9. According to the learned counsel for the respondent/plaintiff, the respondent/plaintiff is in absolute possession of the suit property and he has produced relevant revenue records in his name before the Trial Court to prove his possession and enjoyment of the same. It is his further submission that though the Trial Court dismissed the suit that the plaintiff is not entitled for permanent injunction, the First Appellate Court has rightly allowed the appeal, thereby granting the relief sought by the plaintiff.
10. To substantiate his stand, learned counsel appearing for the respondent has relied on the following:
(i) an Apex Court decision in the case of Anathula Sudhakar vs.
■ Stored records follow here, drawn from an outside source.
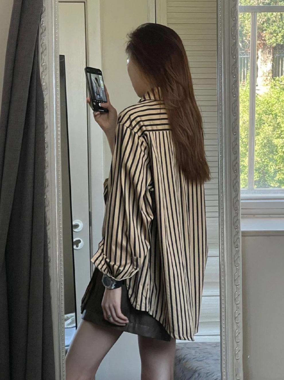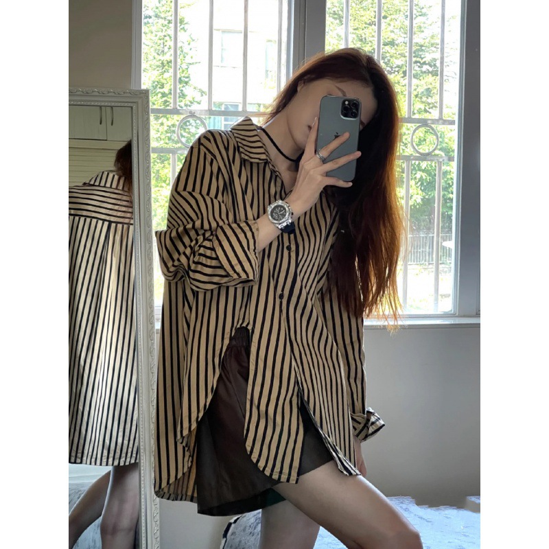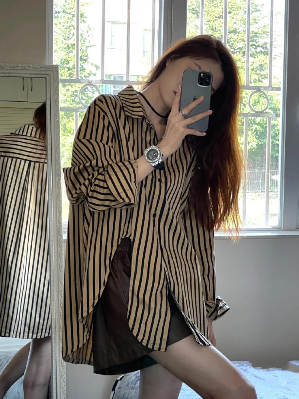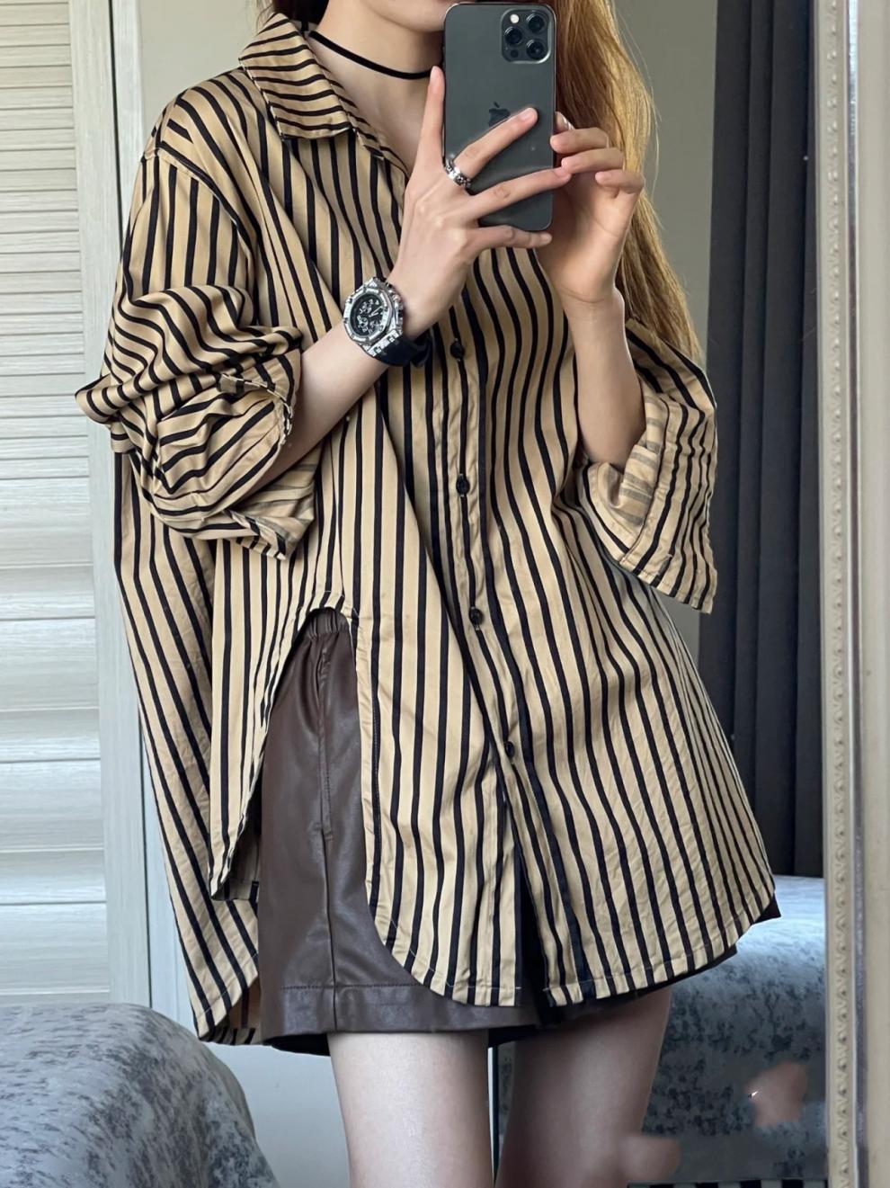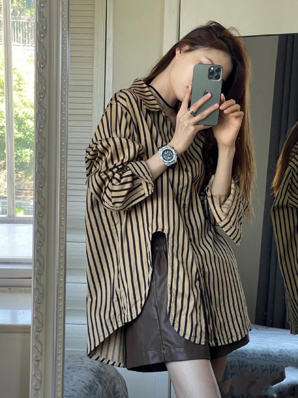 2023 새로운 이른 봄 느슨한 디자인 감각 틈새 셔츠 홍콩 맛 레트로 아메리칸 셔츠 여성용스토어 가기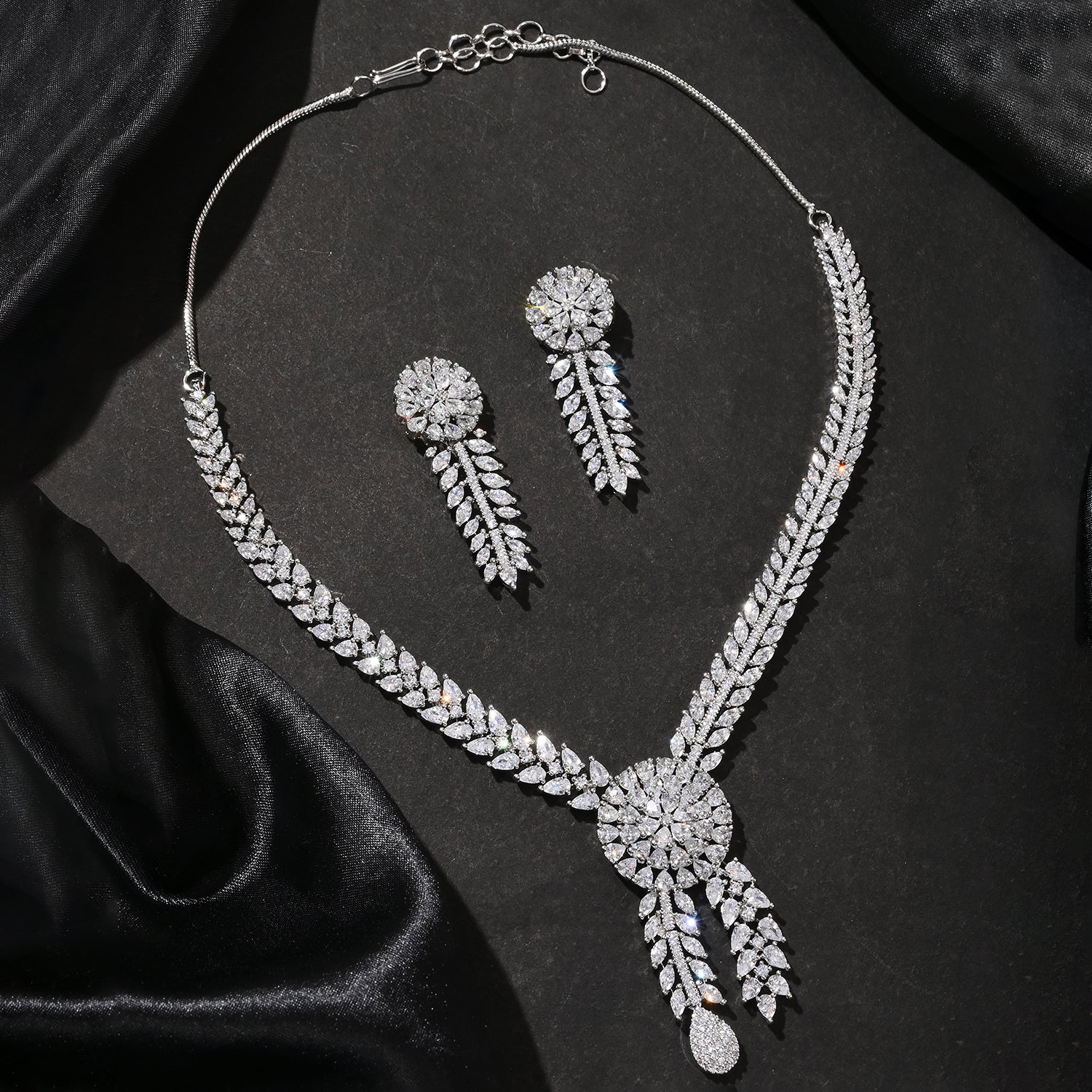 Sparkling Opulance Stunning Marquise American Diamond Necklace Set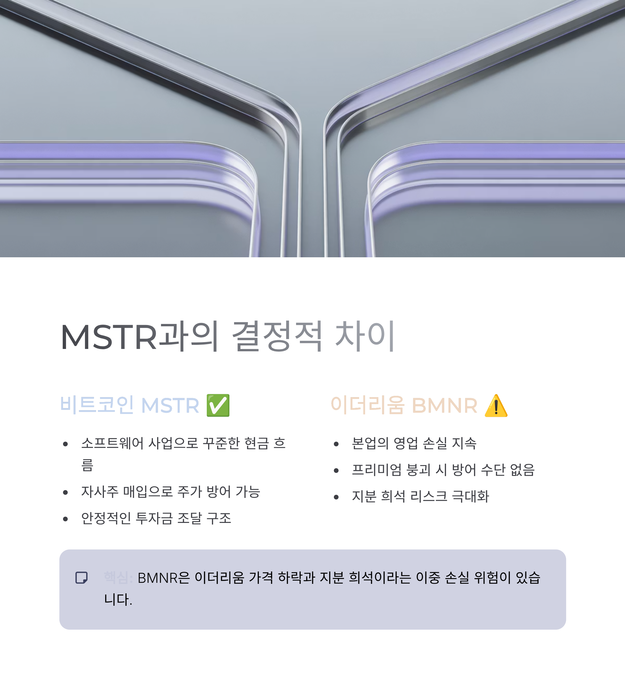 비트코인 MSTR은 소프트웨어 사업으로 꾸준한 현금 흐름이 있어 자사주 매입을 통한 주가 방어 및 투자금 조달이 가능합니다. 반면 BMNR은 본업의 영업 손실 때문에 '프리미엄'이 무너지면 희석을 막을 방패가 없다는 점이 가장 큰 리스크입니다.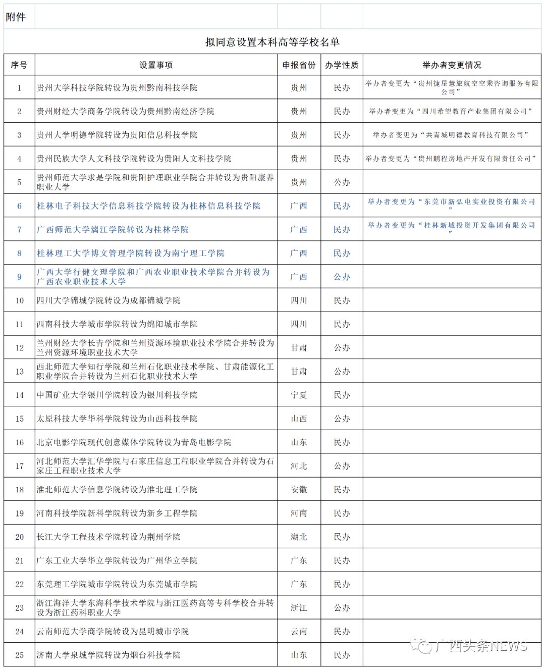 教育部官网显示:根据《高等教育法》《普通高等学校设置暂行条例》《普通本科学校设置暂行规定》和《关于加快推进独立学院转设工作的实施方案》等法律法规政策规定,经第七届全国高等学校设置评议委员会专家考察和评议,并经党组会审议,拟同意贵州大学科技学院等25所独立学院转设为独立设置的本科学校,现将学校名单等信息向社会公示。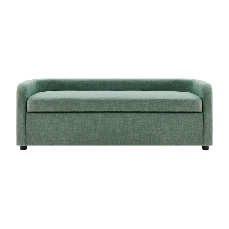 For a stylish storage solution, opt for the latest Wendy bench. Perfect for a variety of spaces such as the bedroom, the foyer and the living room. Its modern format is also nicely upholstered with eco-friendly 100% PES fabric or in vintage cider faux leather. Easy Assembly. Available in Meridian Sea Green, Meridian Cream and Vintage Cedar.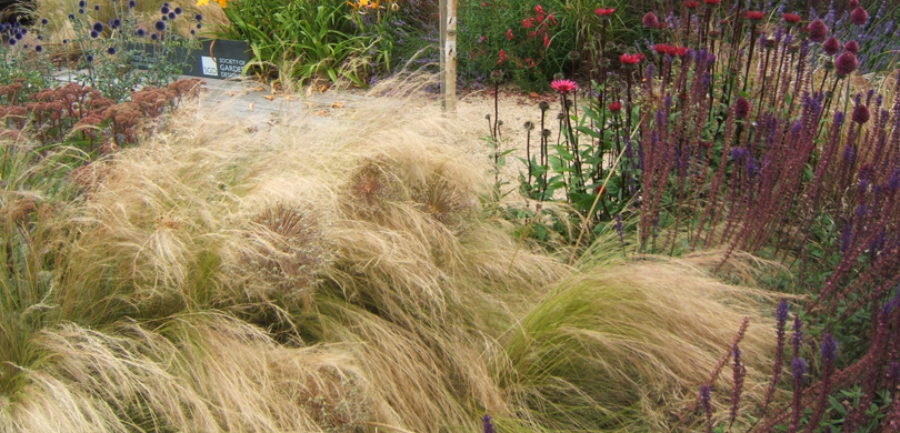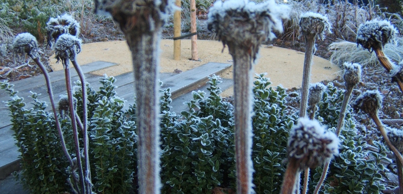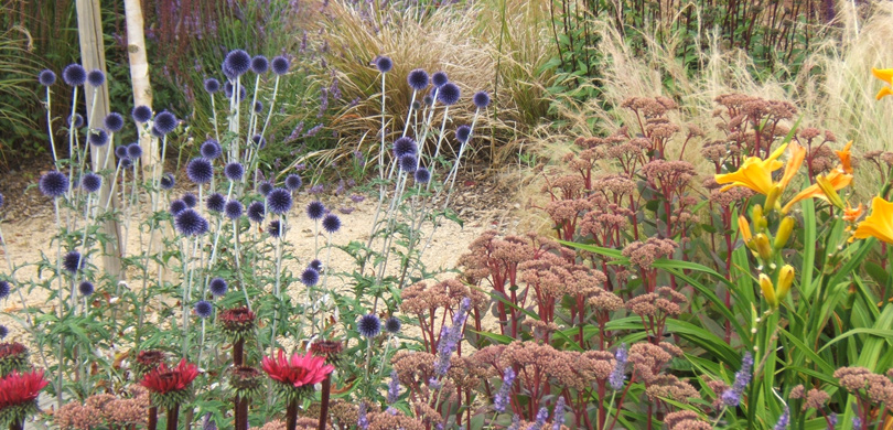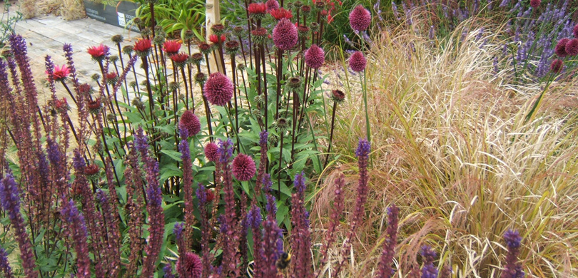 This design is based on a strong geometric framework using the sleepers, the circle and the two long rectangles of box. This is interplanted with drifts of my favourite perennials and grasses. The result is a front garden that continually gives interest no matter the time of year and constantly draws admiring glances and comments. This is despite some of the neighbours’ initial bemused looks as I pulled up the lawn. Not only does it look great, but I also spend far less time looking after this than I would if it had still been lawn and I'd had to mow, weed, feed etc. and the butterflies and bees love it. There are literally hundreds of bees in the garden throughout the summer.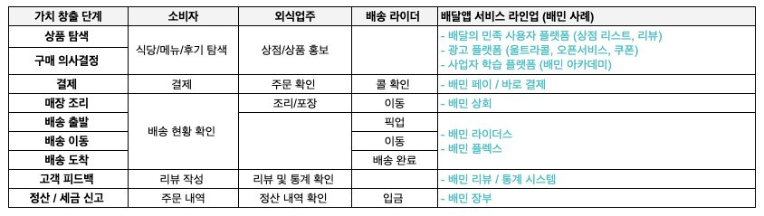 위 그림은 배달의 민족의 홈페이지에서 가져온 서비스 라인업을 정리한 것이다.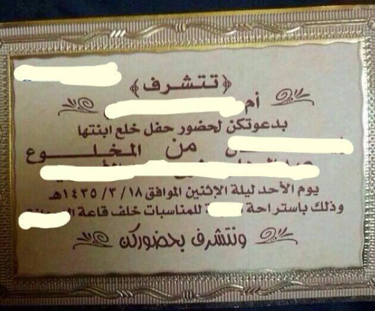 حيث احتوت دعوة الاحتفال بـ"الخلع" اسم زوج ابنتها كاملاً واصفةً إياه بـ"المخلوع"، واسم الأم التي أطلقت على نفسها أم هادي واسم إبنتها.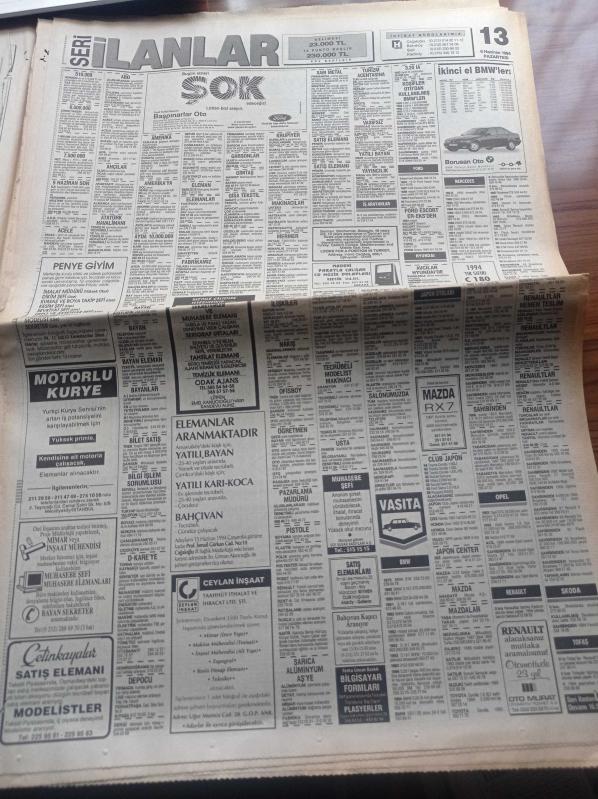 Hürriyet Gazetesi - 6 Haziran 1994 - Üç Büyük Kulübün Kurmayları Transfer Tartıştı - Hasan Özaydın - Alp Yalman - Serdar Bilgili - Rolland Garros'ta İspanyol Zaferi - Nixon'ı Yıkan Adam Bob Woodward Bill Clinton'a Taktı - Kadir İnanır - 7 İnfaz Aynı Silah - Savaş Buldan Behçet Cantürk'ün İnfazında Kullanılan Silahla Öldürüldüğü Ortaya Çıktı - Savaş Buldan'ın Cenazesinde Sıkı Önlem - Savaş Buldan'ın Abisi Necdet Buldan Cantürklerle Husumetimiz Yok- Tansu Çiller - Türksat'ın Fırlatılışı Yine Ertelendi adlı eser, Kitap > Süreli Yayınlar > Gazeteler kategorisinde İkinci El olarak satıştadır.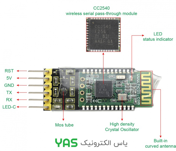 این ماژول از تراشه CC2540F256 از TI استفاده می‌کند که با ۲۵۶ کیلوبایت فضا پیکربندی شده و از دستور AT پشتیبانی می‌کند. در صورت نیاز، کاربران می‌توانند نقش (حالت اصلی یا فرعی)، نرخ انتقال داده پورت سریال، نام دستگاه و سایر پارامترها را تغییر دهند و استفاده از آن بسیار انعطاف‌پذیر است.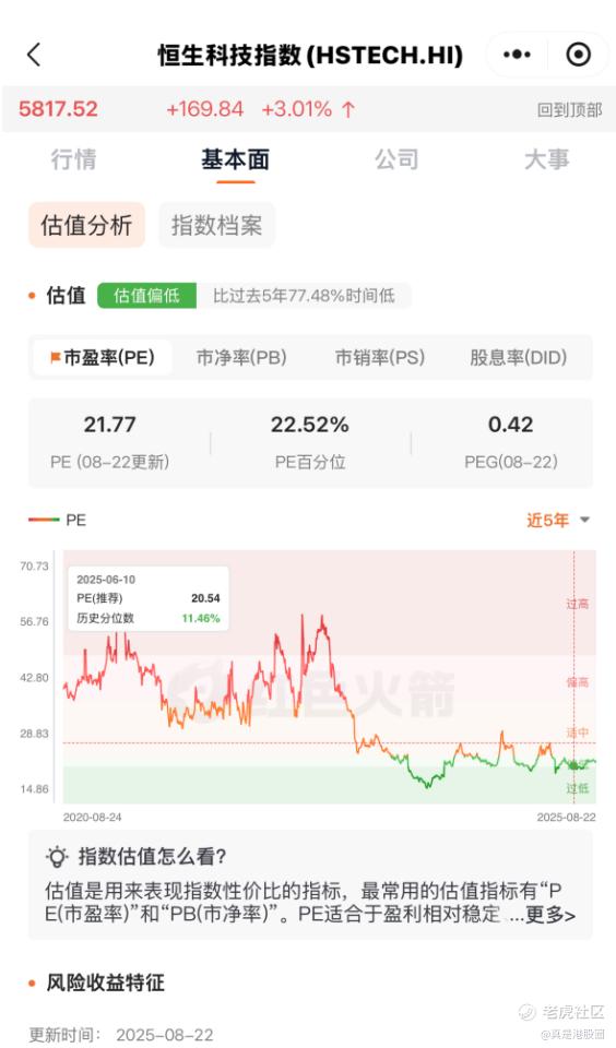 按照小程序“红色火箭”上的历史数据来看,恒生科技指数目前的市盈率为21倍,市盈率的历史百分位仅为22.5%,仍是估值过低的区间。另外,抓热点可用红色火箭,红色火箭看这些估值分位数非常方便,不像其他软件看起来很复杂,大家感兴趣也可参照看看。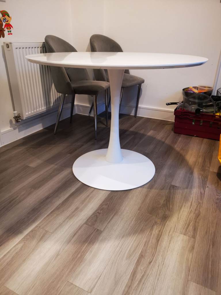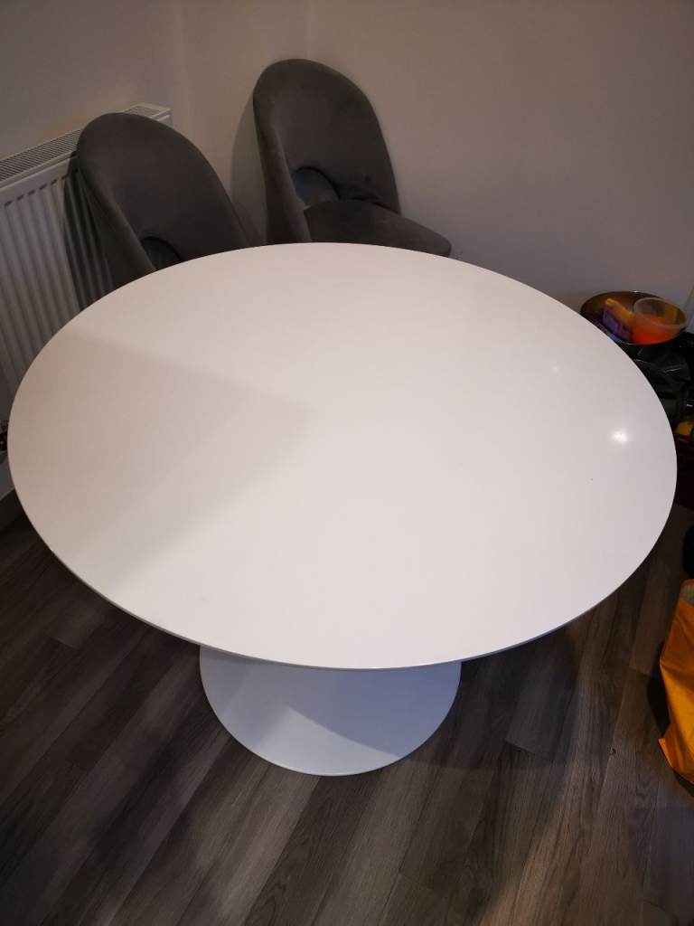 Dining table round white gloss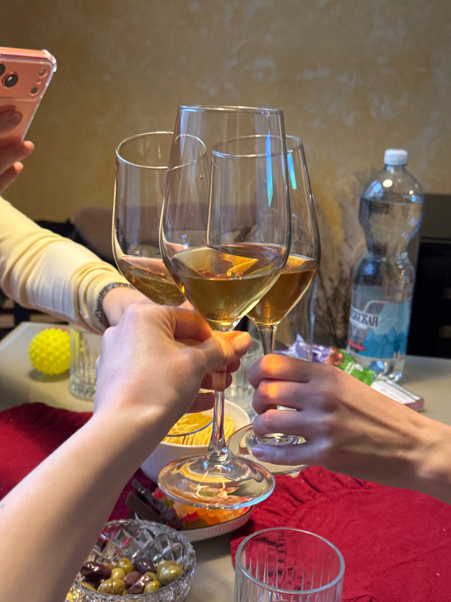A slightly rotated, close-up shot captures a celebratory event, possibly a toast, taking place indoors in an unspecified city. Two champagne flutes, filled with a golden liquid likely to be champagne…read more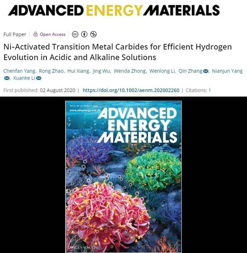 此外,团队近期在电催化领域也取得了系列成果。他们提出了一种具有普适性的活化策略来提高碳化物的催化析氢性能,在国际著名期刊Advanced Energy Materials(影响因子25.245)上发表了题为“Ni‐Activated Transition Metal Carbides for Efficient Hydrogen Evolutionin Acidic and Alkaline Solutions”(10.1002/aenm.202002260)的封面文章。受前面工作启发,他们又利用界面电子结构重排以实现高催化活性,在Journal of Energy Chemistry(影响因子7.216)发表了题为“Interfacial electron rearrangement: Ni activated Ni(OH)2 for efficient Hydrogen evolution”的研究工作。

P.Buchi Reddy (dead) by LRs reported in (2008) 4 SCC 594 14. We may, however, clarify that a prayer for declaration will be necessary only if the denial of title by the defendant or challenge to the plaintiffs title raises a cloud on the title of the plaintiff to the property. A cloud is said to raise over a persons title, when some apparent defect in his title to a property, or when some prima facie right of a third party over it, is made out or shown. An action for declaration, is the remedy to remove the cloud on the title to the property. On the other hand, where the plaintiff has clear title supported by documents, if a trespasser without any claim to title or an interloper without any apparent title, merely denies the plaintiffs title, it does not amount to raising a cloud over the title of the plaintiff and it will not be necessary for the plaintiff to sue for declaration and a suit for injunction may be sufficient. Where the plaintiff, believing that the defendant is only a trespasser or a wrongful claimant without title, files a mere suit for injunction, and in such a suit, the defendant discloses in his defence the details of the right or title claimed by him, which raise a serious dispute or cloud over the plaintiffs title, then there is a need for the plaintiff, to amend the plaint and convert the suit into one for declaration. Alternatively, he may withdraw the suit for bare injunction, with permission of the court to file a comprehensive suit for declaration and injunction. He may file the suit for declaration with consequential relief, even after the suit for injunction is dismissed, where the suit raised only the issue of possession and not any issue of title.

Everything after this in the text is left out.